** Opening Extracted records block **

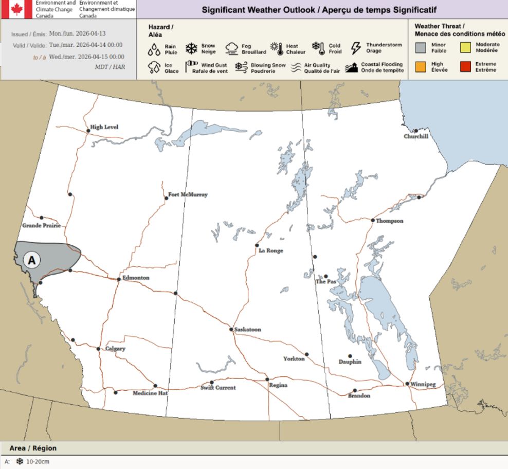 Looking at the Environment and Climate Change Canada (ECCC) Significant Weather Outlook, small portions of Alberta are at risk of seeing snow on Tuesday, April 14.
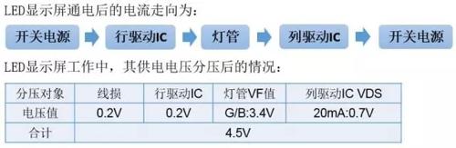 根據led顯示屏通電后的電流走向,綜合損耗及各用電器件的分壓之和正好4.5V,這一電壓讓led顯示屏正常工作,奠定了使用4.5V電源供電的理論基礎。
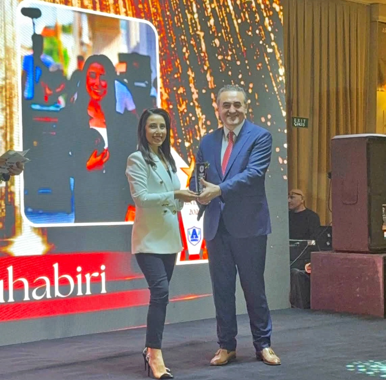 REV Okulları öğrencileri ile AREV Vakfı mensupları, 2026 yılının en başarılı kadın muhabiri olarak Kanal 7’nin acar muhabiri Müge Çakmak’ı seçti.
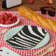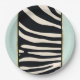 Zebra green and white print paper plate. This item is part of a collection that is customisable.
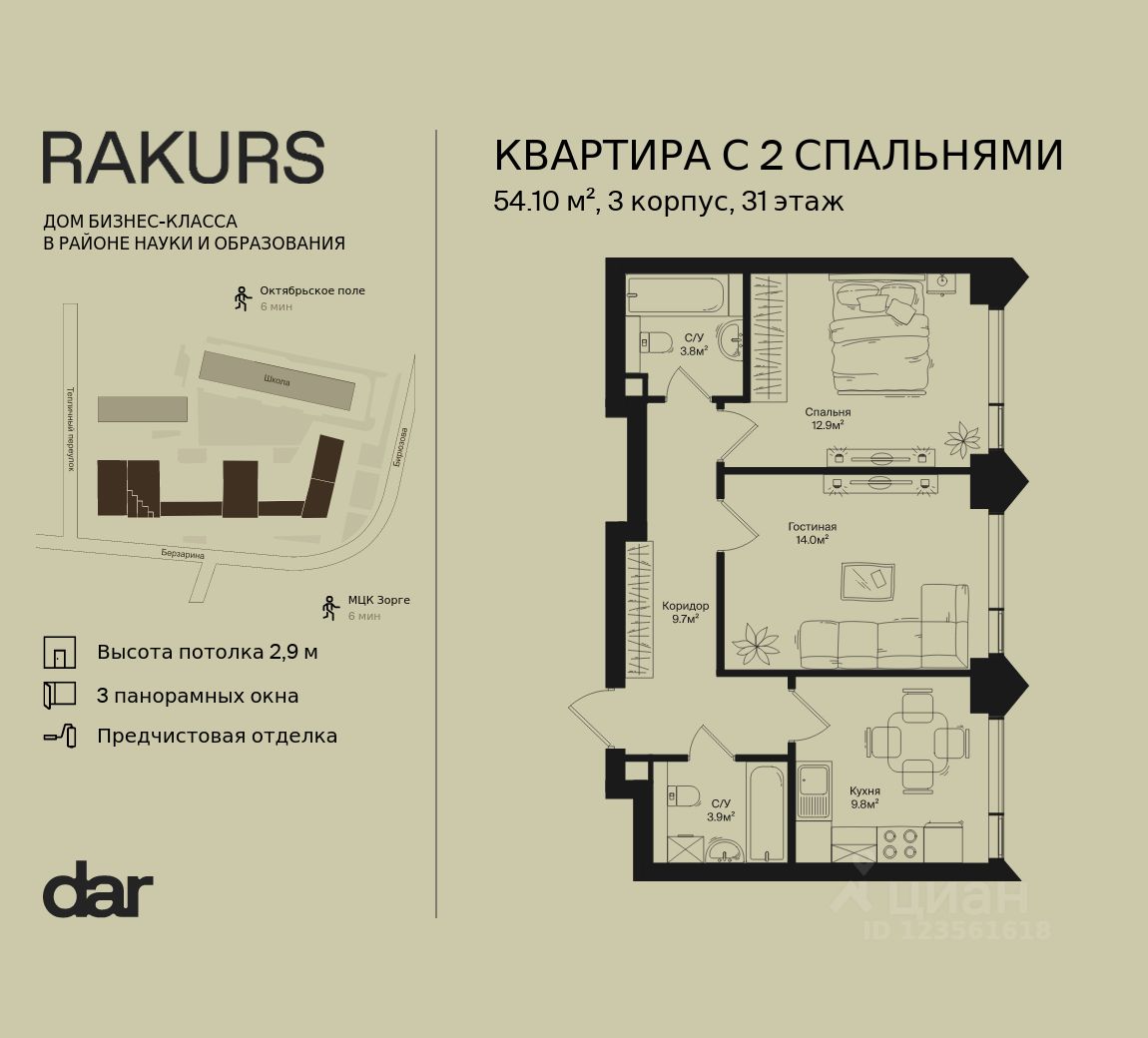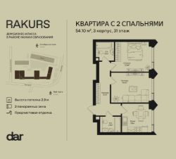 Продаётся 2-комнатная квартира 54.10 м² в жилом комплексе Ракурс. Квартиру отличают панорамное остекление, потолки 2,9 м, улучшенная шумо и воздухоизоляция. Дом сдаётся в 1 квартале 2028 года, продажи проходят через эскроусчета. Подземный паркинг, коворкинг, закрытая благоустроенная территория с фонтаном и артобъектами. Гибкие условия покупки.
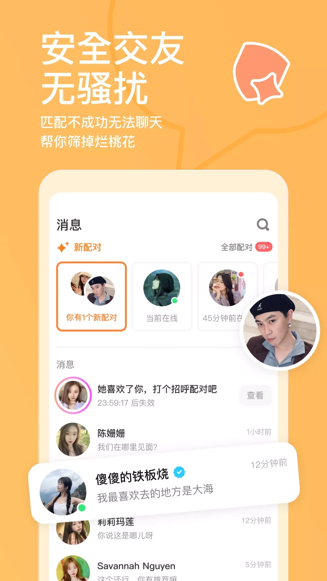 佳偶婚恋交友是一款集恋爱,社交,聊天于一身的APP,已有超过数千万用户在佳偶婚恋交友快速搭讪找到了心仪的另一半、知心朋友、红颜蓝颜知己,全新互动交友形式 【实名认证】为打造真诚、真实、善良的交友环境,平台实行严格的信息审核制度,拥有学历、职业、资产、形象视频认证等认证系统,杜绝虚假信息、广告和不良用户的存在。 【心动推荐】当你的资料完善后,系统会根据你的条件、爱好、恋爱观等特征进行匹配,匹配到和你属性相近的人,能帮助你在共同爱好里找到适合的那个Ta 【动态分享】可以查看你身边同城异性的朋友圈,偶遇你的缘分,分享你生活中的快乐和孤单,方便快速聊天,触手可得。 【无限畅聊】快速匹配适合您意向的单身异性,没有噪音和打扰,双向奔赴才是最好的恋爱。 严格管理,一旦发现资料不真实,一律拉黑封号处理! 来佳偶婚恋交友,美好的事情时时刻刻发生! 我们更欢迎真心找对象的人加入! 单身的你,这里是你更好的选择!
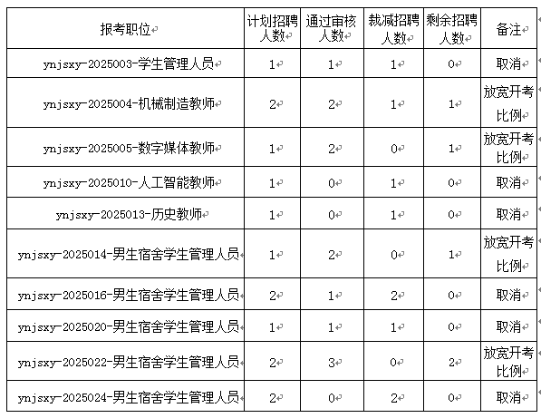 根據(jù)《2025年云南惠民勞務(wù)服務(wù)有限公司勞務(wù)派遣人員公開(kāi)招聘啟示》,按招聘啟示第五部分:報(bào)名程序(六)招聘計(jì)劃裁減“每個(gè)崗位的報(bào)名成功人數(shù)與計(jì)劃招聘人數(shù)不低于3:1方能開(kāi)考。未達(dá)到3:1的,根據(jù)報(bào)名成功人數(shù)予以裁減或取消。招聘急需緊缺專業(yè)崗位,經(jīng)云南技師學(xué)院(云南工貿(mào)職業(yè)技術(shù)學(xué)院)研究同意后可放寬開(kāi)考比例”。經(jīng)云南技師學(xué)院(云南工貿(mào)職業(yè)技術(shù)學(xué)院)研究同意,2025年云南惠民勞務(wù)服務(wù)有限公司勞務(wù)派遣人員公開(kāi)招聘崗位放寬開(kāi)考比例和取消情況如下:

** Closing Extracted records block **
** Opening Extracted records block **

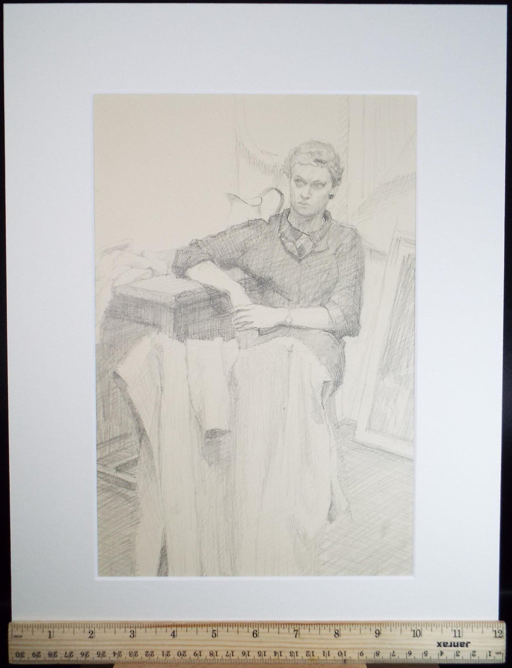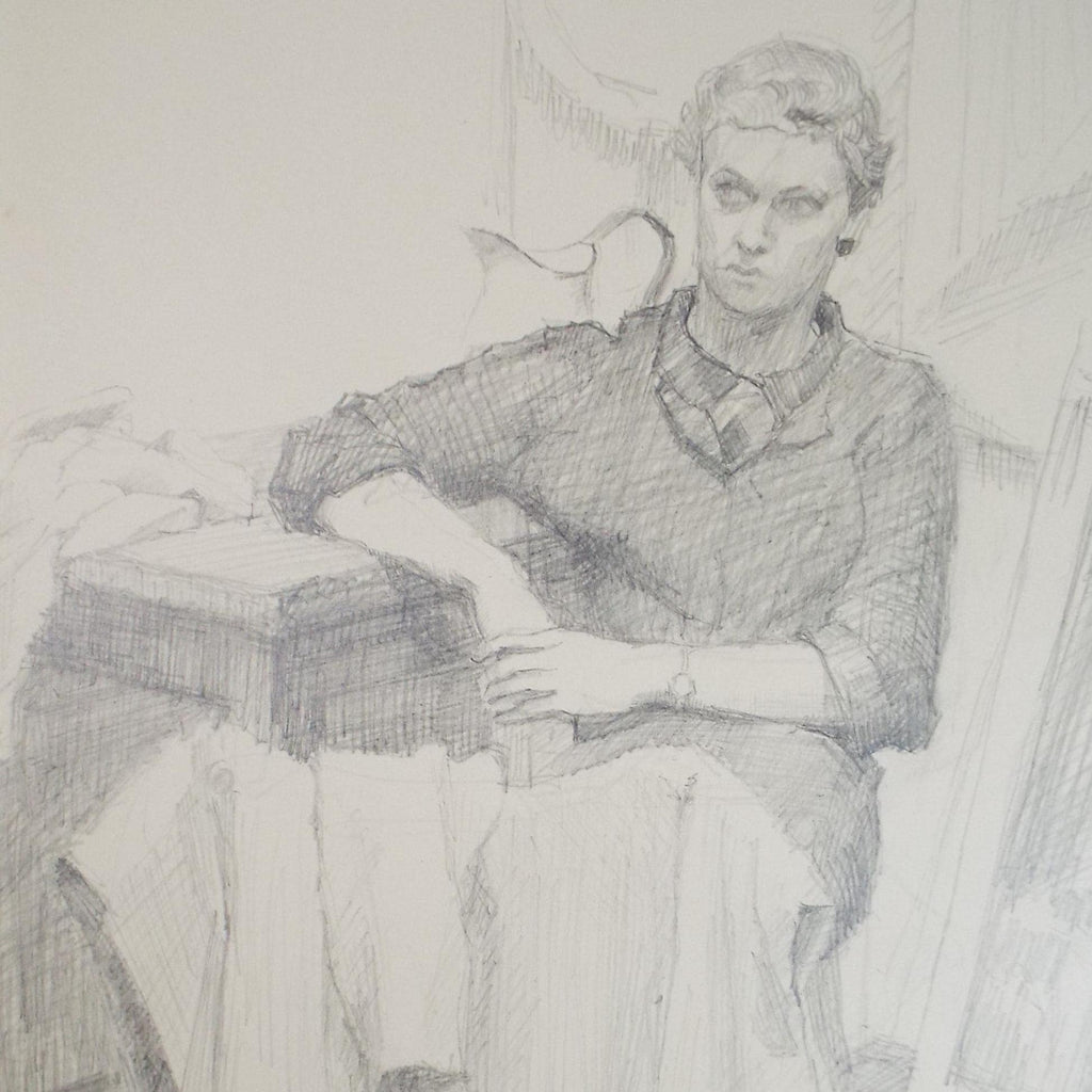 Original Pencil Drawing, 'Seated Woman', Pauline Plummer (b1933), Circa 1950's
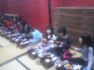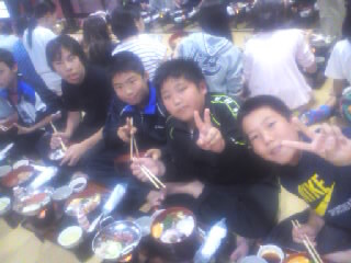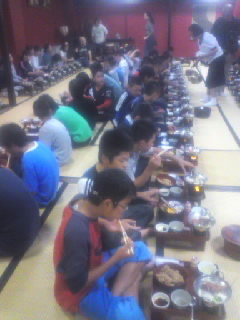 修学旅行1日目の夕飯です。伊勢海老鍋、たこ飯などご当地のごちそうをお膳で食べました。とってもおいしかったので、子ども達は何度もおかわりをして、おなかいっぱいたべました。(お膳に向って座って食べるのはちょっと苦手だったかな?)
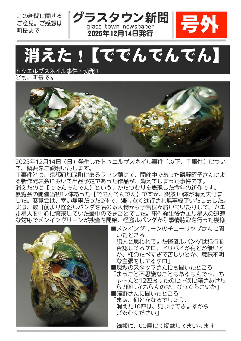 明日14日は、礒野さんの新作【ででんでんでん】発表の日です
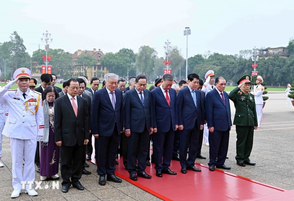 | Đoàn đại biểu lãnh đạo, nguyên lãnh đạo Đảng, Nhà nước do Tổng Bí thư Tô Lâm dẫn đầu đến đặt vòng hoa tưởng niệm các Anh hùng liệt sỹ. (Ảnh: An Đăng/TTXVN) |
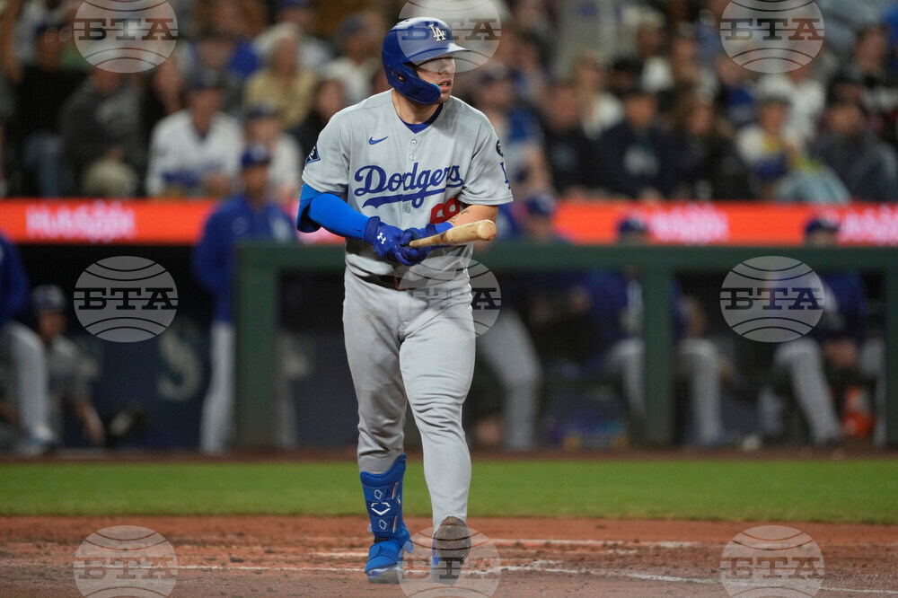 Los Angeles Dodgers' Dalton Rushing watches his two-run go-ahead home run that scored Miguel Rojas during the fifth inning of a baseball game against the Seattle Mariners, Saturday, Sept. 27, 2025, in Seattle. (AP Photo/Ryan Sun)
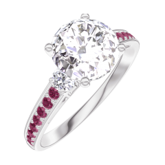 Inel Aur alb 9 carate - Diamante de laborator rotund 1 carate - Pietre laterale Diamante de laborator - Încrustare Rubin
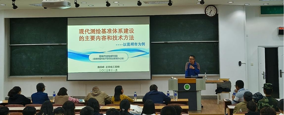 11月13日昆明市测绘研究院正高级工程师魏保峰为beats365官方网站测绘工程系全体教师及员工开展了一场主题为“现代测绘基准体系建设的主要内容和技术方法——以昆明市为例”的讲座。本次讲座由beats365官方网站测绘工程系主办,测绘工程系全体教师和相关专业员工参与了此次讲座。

** Closing Extracted records block **

• Exercise instructions:
Using the data above, set down each line from the line with "修学旅行1日目の夕飯です。伊" to the line with "11月13日昆明市测绘研究院" exactly, both ends included, and leave the pictures behind. Nothing else belongs.

• Response:
 修学旅行1日目の夕飯です。伊勢海老鍋、たこ飯などご当地のごちそうをお膳で食べました。とってもおいしかったので、子ども達は何度もおかわりをして、おなかいっぱいたべました。(お膳に向って座って食べるのはちょっと苦手だったかな?)
 明日14日は、礒野さんの新作【ででんでんでん】発表の日です
 | Đoàn đại biểu lãnh đạo, nguyên lãnh đạo Đảng, Nhà nước do Tổng Bí thư Tô Lâm dẫn đầu đến đặt vòng hoa tưởng niệm các Anh hùng liệt sỹ. (Ảnh: An Đăng/TTXVN) |
 Los Angeles Dodgers' Dalton Rushing watches his two-run go-ahead home run that scored Miguel Rojas during the fifth inning of a baseball game against the Seattle Mariners, Saturday, Sept. 27, 2025, in Seattle. (AP Photo/Ryan Sun)
 Inel Aur alb 9 carate - Diamante de laborator rotund 1 carate - Pietre laterale Diamante de laborator - Încrustare Rubin
 11月13日昆明市测绘研究院正高级工程师魏保峰为beats365官方网站测绘工程系全体教师及员工开展了一场主题为“现代测绘基准体系建设的主要内容和技术方法——以昆明市为例”的讲座。本次讲座由beats365官方网站测绘工程系主办,测绘工程系全体教师和相关专业员工参与了此次讲座。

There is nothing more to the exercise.